She already had a small crowd of ponies standing in place, ready and waiting for her to live up to her introductory speech. Most particularly, with such an overt and bright display of color and sound, she had attracted what Grandpapa Quartermoon had always claimed was the key to a successful magic show: Foals, little colts and fillies who were so much easier to fool with sleight-of-hoof and always had a much less critical eye.
"Now then," Trixie said to the audience, "quick note before we begin. All that?" she waved a hoof behind her as though referencing the light show she had just put on. "Some spells. Little illusions and ghost sounds and flashing lights that any unicorn could do with practice.
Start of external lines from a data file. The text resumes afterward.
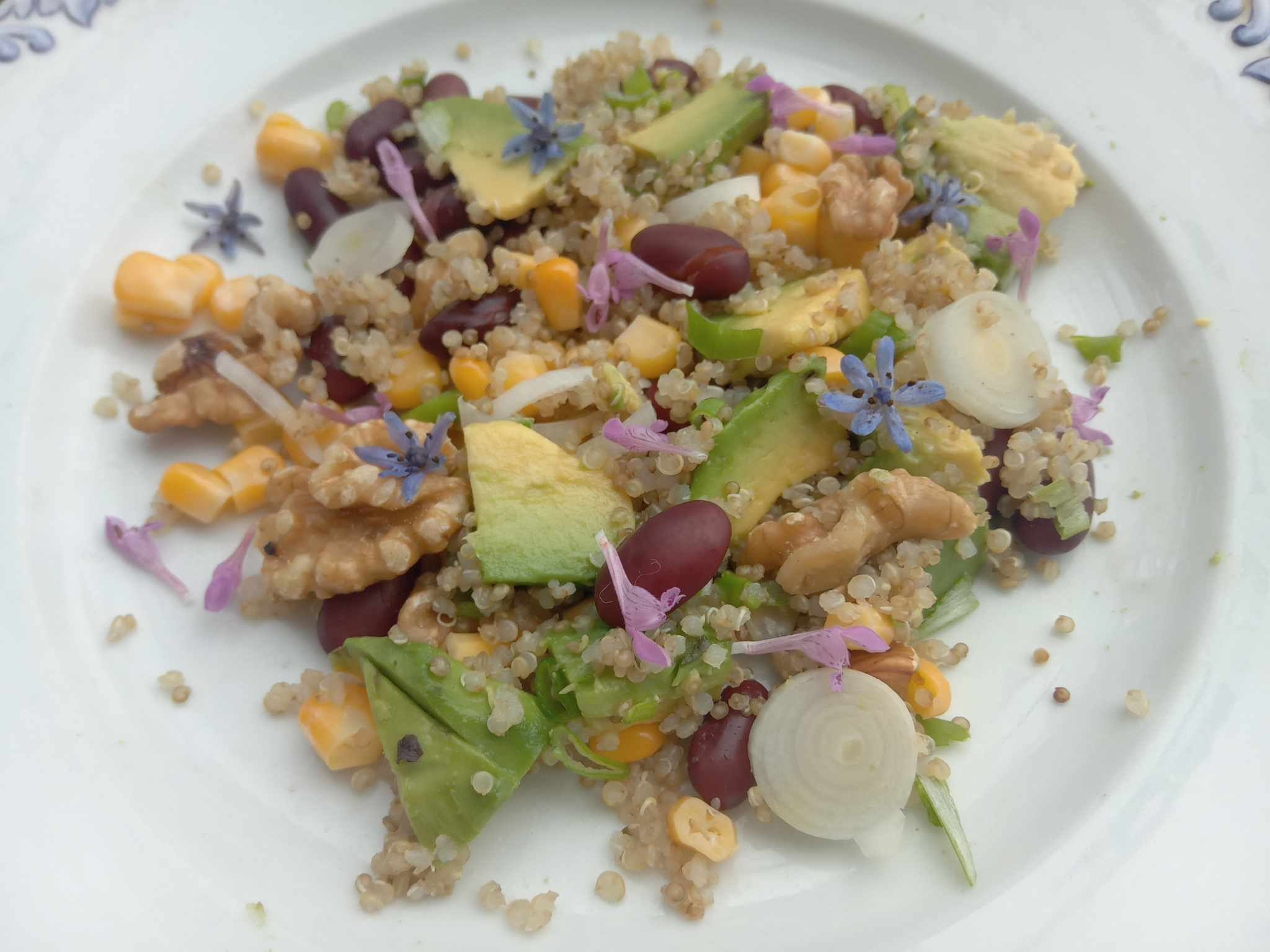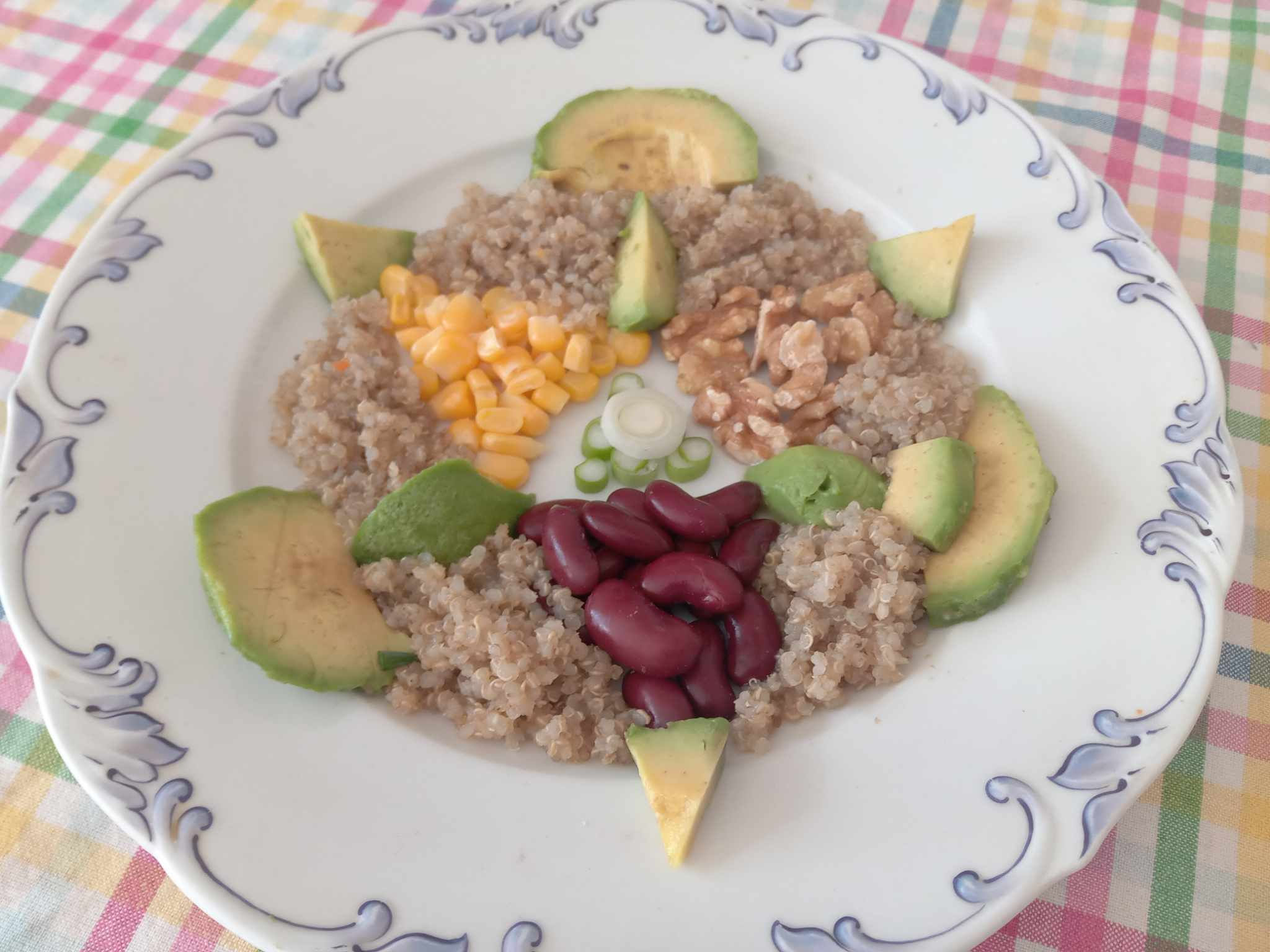 Fazuľa, kukurica a quinoa sú uvarené zvlášť. Na surovo je pridané avokádo, jarná cibuľka a orechy.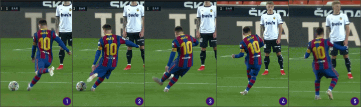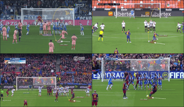 從生物力學角度來看,梅西的任意球腳法頗具意味——無論運用的腳法如何,無論如何變化,都是萬變不離其宗的。這讓對方門將很難讀懂他的意圖。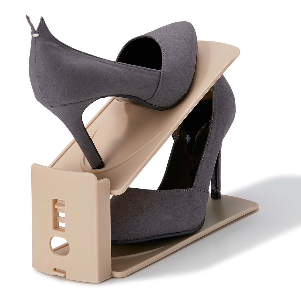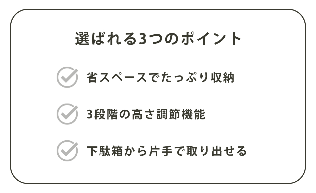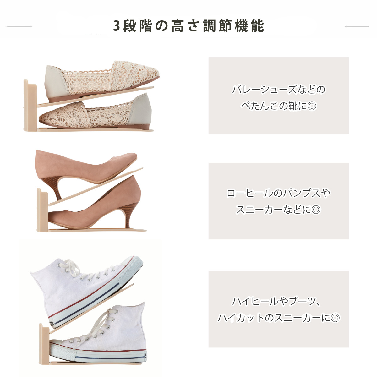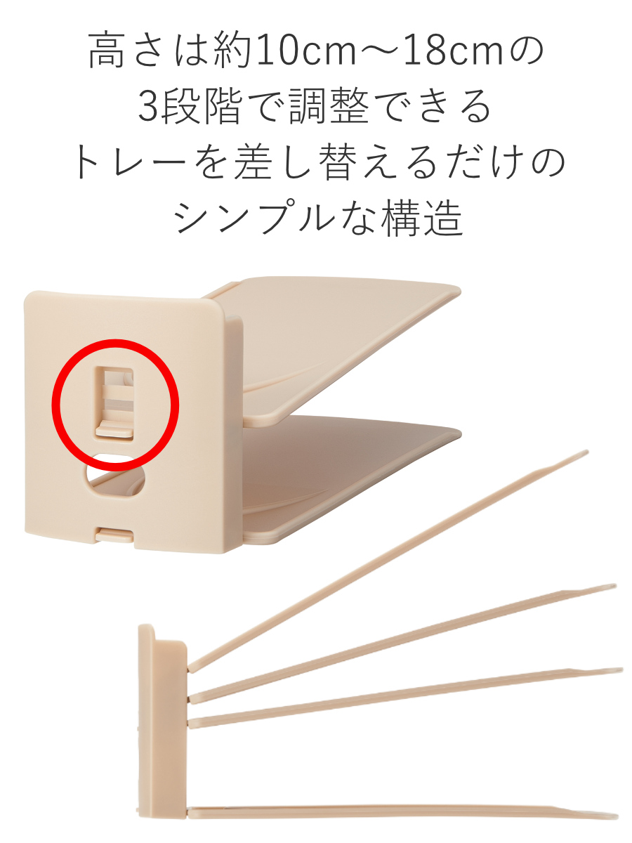 高さは、約10cm~18cmの3段階で調整できます。トレーを差し替えるだけのシンプルな構造です。ぺたんこ靴からお洒落なハイヒール、ハイカットのスニーカーまで様々な高さの靴を無理なく収納できます。

And I, Trixie, am not saying it was easy, and I'm not saying that it wasn't, in its own way, magic." As she turned around, she flicked one hoof, and from seemingly thin air produced a pair of scissors, which she caught with telekinesis. "But the really impressive stuff," she said, flicking her other hoof and producing a large, white quill, "well, that's what Trixie intends to show you!"
Trixie produced four more items that she had found around her home – a deck of cards, a carrot, a flask, and a pair of silver bits – as well as a sheet of paper and separate, black writing quill. Using her telekinesis, she laid out the first six items in front of her, from left to right in the order that she had produced them in so that the scissors were furthest to her right and the bits furthest to her left, while the black quill and paper remained separate from the pile. Smiling at the audience, she wrote a few things on the paper, then folded it in half and moved her line of items forward, while appraising her modest audience. She smiled when she noticed one filly in particular, wrapped in a foal-sized winter cloak and sitting close to her gray pegasus mother.
"You there!" Trixie exclaimed, pointing a hoof at Dinky Doo. "Come over here for a minute."
The unicorn filly's eyes widened a little, as she looked to Ditzy Doo as though for permission. In response, Ditzy smiled and nudged Dinky with one hoof. The filly trotted forward eagerly at that, stopping on the other side of Trixie's line of items.
"Say your name for the audience," Trixie said, waving a hoof at the ponies watching.
"Dinky Doo!" the filly exclaimed brightly as she looked at them, though she turned back to Trixie quickly. She leaned forward a little, and spoke in a quieter voice next. "I figured out how you made that bit appear on top of my head."
Trixie smiled. "Did you? Well, here's a new one." In a louder voice, and looking more at the audience than Dinky, she continued. "Now then, Dinky Doo. Name a number between one and six."
"Five," Dinky said, eyeing the flask.
"F-I-V-E," Trixie spelled out, hoof pointing to the bits first and then moving backwards, until she ended up on the deck of cards. "Oh, thank goodness. I don't know much magic involving carrots." As she said that, she unfolded the piece of paper hovering behind her, showing that she had written deck of cards on it. Two colts seemed impressed by the trick, but most everyone in the audience seemed underwhelmed.
Dinky pouted a little. "That wasn't magic," she objected.
"Not really, no," Trixie confirmed as she put the remaining objects on the ground behind her and used her telekinesis to withdraw the fifty-four cards within and spread them out in front of Dinky. "Now then. Pick a card. Any card! Show it to the audience, but do not show the Great and Powerful Trixie!"
Dinky considered the cards in front of her with the same kind of weight that an older mare would have given to her wedding dress. At length, she indicated one. Trixie nodded as she pulled the deck together again, shuffling the cards thoroughly as she trotted forward, so that she was next to Dinky Doo. As she did, she flourished her cape slightly. "Alright," she said, holding up the deck of cards and looking them over, considering. "The Great and Powerful Trixie thinks…it was…" she reached the end of the deck, looked confused a moment, then stamped her left hoof in realization and pointed. "That one."
Trixie didn't point to the deck at all, but rather straight down, at Dinky's hooves. The filly looked down, and her eyes widened and she backed up several paces in surprise at the card lying face-down right beneath her right front hoof, which nopony had seen arrive there. There were gasps from the audience, as well.
Trixie telekinetically lifted up the card, considering its face for a moment before turning it to Dinky and the audience. "Seven of clubs?" she asked rhetorically. Dinky's face – and that of the surprised audience – told her the answer already. Dinky nodded, as did Trixie, even as she turned back to her piece of paper and unfolded the remainder of it, where she had written seven of clubs.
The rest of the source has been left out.